Although it is evident that only a few secretory vesicles accumulating in neuroendocrine cells are qualified to fuse with the plasma membrane and release their contents to the extracellular space, the molecular mechanisms that regulate their exocytosis are poorly understood. For example, it has been controversial whether secretory vesicles are exocytosed randomly or preferentially according to their age. Using a newly developed protein-based fluorescent timer, monomeric Kusabira Green Orange (mK-GO), which changes color with a predictable time course, here we show that small GTPase Rab27A effectors regulate age-dependent exocytosis of secretory vesicles in PC12 cells. When the vesicles were labeled with mK-GO-tagged neuropeptide Y or tissue-type plasminogen activator, punctate structures with green or red fluorescence were observed. Application of high [K(+)] stimulation induced exocytosis of new (green) fluorescent secretory vesicles but not of old (red) vesicles.

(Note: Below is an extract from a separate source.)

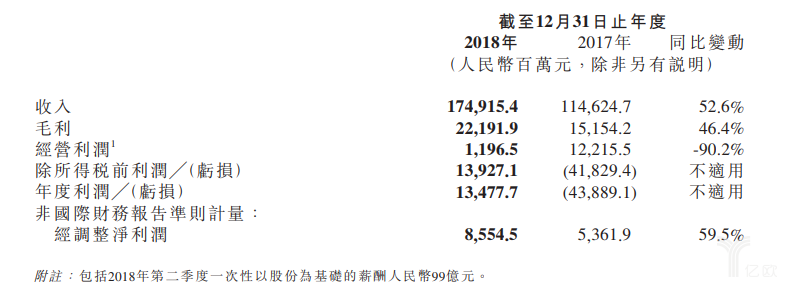 昨日下午,小米公布了上市以来的首份财报。数据显示,2018年小米营收达到1749亿元,同比增长52.6%,经调整后净利润为85.55亿元,同比增长59.5%。

Overexpression or depletion of rabphilin and synaptotagmin-like protein4-a (Slp4-a), which regulate exocytosis positively and negatively, respectively, disturbed the age-dependent exocytosis of the secretory vesicles in different manners. Our results suggest that coordinate functions of the two effectors of Rab27A, rabphilin and Slp4-a, are required for regulated secretory pathway.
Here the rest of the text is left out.